The room was stifling, the air so heavy it seemed to clog my nostrils. I fancied I could smell the decay taking place in Mother’s body there in her bedroom, though Peek and I had bathed her with scent only a few hours before. When I stood up, everything whirled around me so that I clutched the chair.
We receive such worrisome reports,
I thought, and I could hear my husband’s nasal voice. I steadied myself and took a few steps toward the shadows where Sarah sat. “Put the child by,” I said.

She leaned forward, lifting the sleeping creature by its shoulders and sliding it onto the cushion next to her, where it made the slightest murmur, moved its thumb to its mouth, and drifted back into sleep.
I am sorry to report
. My husband’s world was full of reports. He’d managed to use the word twice in a letter of ten lines. I pictured him, limping across the dining room on his bad ankle. When we got back, he’d use Sarah for support. If he were dead, I thought, my heart aching in my chest.

Sarah was sitting forward, her long hands folded in her lap, her eyes resting on the child. The drop of milk still clung to the dark flesh of her nipple; it seemed a wonder to me that it should. I dropped to my knees on the carpet before her and rested my hands upon her wrists. I could feel the smooth, round bones through the thin cloth of her sleeve. I leaned forward until my mouth was close to her breast, then put out my tongue to capture the drop.

It dissolved instantly, leaving only a trace of sweetness. I raised my hand, cupping her breast, which was lighter than I would have thought. It seemed to slip away from my fingers, but I guided the nipple to my lips and sucked gently. Nothing happened. I took it more deeply into my mouth and sucked from my cheeks. This is what he does, I thought. At once a sharp, warm jet hit my throat and I swallowed to keep from choking. How thin it was, how sweet! A sensation of utter strangeness came over me, and I struggled not to swoon. I could see myself, kneeling there, and beyond me the room where my mother’s body lay, yet it seemed to me she was not dead, that she bore horrified witness to my action. And beyond that I could see my husband in his office, lifting his head from his books with an uncomfortable suspicion that something important was not adding up. This vision made me smile. I closed my eyes, swallowing greedily. I was aware of a sound, a sigh, but I was not sure if it came from me or from Sarah. How wonderful I felt, how entirely free. My headache disappeared, my chest seemed to expand, there was a complementary tingling in my own breasts. I opened my eyes and looked at Sarah’s profile. She had lifted her chin as far away from me as she could, her mouth was set in a thin, hard line, and her eyes were focused intently on the arm of the settee. She’s afraid to look at me, I thought. And she’s right to be. If she looked at me, I would slap her.
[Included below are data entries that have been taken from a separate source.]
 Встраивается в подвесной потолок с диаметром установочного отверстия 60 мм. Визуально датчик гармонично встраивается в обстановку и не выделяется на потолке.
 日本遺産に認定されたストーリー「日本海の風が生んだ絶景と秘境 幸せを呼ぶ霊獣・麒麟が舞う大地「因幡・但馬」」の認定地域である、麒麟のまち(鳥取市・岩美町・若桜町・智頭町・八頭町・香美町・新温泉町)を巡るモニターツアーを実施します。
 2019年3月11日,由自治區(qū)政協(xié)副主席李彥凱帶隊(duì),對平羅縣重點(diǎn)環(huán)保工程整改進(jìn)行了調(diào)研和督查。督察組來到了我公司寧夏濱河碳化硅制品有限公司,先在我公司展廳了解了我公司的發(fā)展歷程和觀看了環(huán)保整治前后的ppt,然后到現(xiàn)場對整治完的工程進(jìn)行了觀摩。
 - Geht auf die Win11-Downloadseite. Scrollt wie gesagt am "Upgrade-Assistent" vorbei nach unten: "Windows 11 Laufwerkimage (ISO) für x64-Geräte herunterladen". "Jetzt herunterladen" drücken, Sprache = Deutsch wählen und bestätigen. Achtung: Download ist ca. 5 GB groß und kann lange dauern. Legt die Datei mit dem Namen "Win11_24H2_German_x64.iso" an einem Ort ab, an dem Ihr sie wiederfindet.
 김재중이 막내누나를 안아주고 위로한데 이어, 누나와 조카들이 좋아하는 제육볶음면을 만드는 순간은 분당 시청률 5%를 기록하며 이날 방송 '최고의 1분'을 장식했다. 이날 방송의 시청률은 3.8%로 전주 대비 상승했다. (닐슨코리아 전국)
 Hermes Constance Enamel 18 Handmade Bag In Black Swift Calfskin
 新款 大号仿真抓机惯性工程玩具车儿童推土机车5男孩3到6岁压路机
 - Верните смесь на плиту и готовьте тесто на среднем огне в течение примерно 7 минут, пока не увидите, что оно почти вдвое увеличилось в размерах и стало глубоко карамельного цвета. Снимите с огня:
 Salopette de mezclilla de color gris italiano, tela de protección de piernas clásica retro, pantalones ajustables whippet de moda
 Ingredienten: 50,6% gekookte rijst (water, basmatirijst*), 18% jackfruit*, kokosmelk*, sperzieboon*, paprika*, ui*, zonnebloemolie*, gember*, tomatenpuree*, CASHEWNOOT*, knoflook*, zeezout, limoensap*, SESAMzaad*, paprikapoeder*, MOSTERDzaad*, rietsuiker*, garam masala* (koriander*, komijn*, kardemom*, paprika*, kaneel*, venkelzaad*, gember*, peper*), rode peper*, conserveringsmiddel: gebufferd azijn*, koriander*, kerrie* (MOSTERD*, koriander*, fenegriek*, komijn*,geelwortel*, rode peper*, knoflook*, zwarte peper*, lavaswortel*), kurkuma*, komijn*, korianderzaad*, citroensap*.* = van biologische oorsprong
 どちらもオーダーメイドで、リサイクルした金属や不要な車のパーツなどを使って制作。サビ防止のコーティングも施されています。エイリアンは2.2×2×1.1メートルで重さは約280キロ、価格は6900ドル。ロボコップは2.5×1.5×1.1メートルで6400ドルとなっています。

The bell sounded so harshly we both leaped to our feet. I turned to the desk, wiping my mouth against my hand. Sarah hastily fastened her dress and went to the door, glancing back only to see that her baby was secure on its cushion. I heard the bolts pulled, the creaking of the shutter hinges, and then my aunt’s voice, coming toward me. “My poor darling,” she said, as I went to her and she embraced me. “What a frightful time you must have had. Look, you are as white as a sheet. I came the moment I received your message.”
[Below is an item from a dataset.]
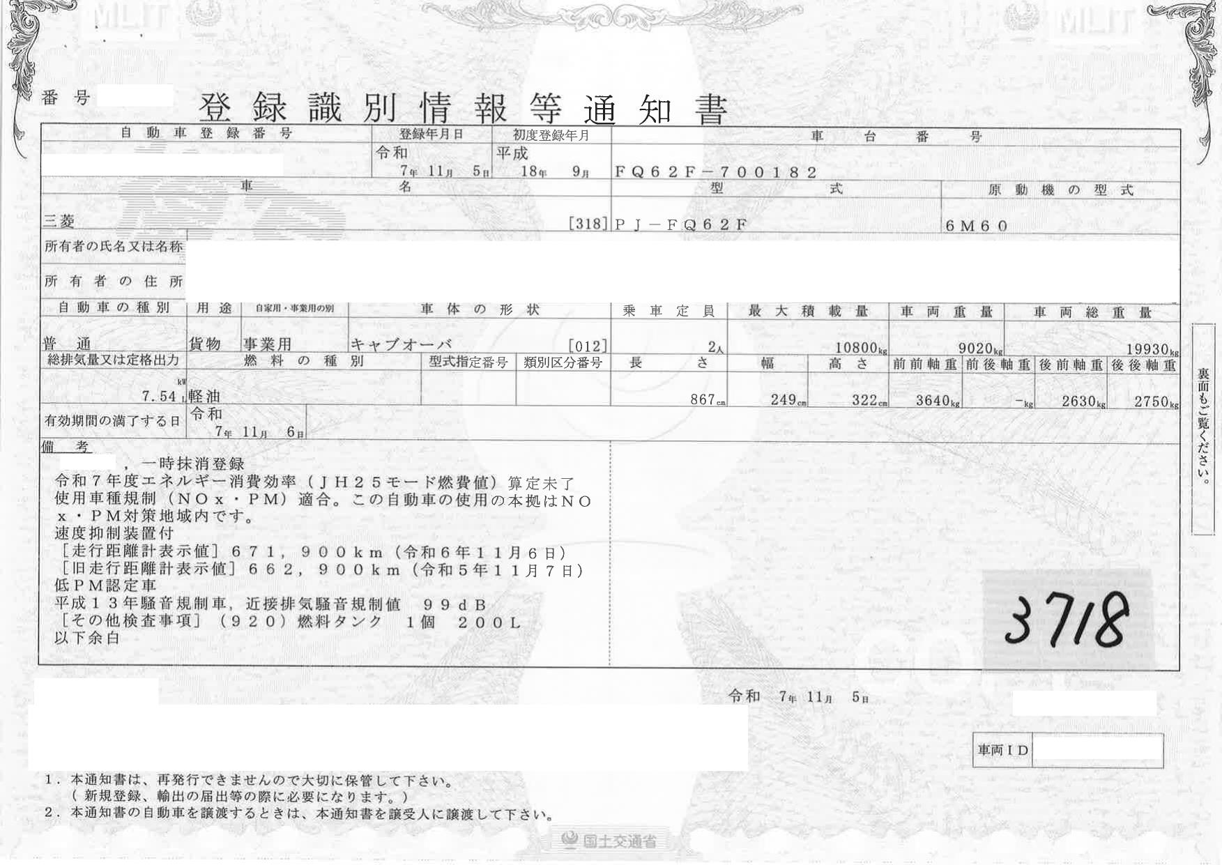 | 車検 | 抹消 |

IN A TOWN where half the population is dead and the other half in hourly terror of dying, it is no easy matter to arrange a decent funeral. Mercifully my aunt set herself to the task at once. She sent an announcement to the newspaper, ordered the casket and a private hearse, and notified the cemetery of the proposed ceremony. I would have preferred to bury Mother in St. Francisville with Father and my two baby brothers, but there was no time, nor place for her there, so she must be laid to rest in the Petrie crypt with her mother and grandparents on her mother’s side. My aunt and I made a list of Mother’s relations and friends. While she went out to engage the priest, I sent cards to these people. I added Joel Borden’s name, because he was so kind to Mother and she so fond of him. I doubted that he was in town, but I wanted him to be notified upon his return.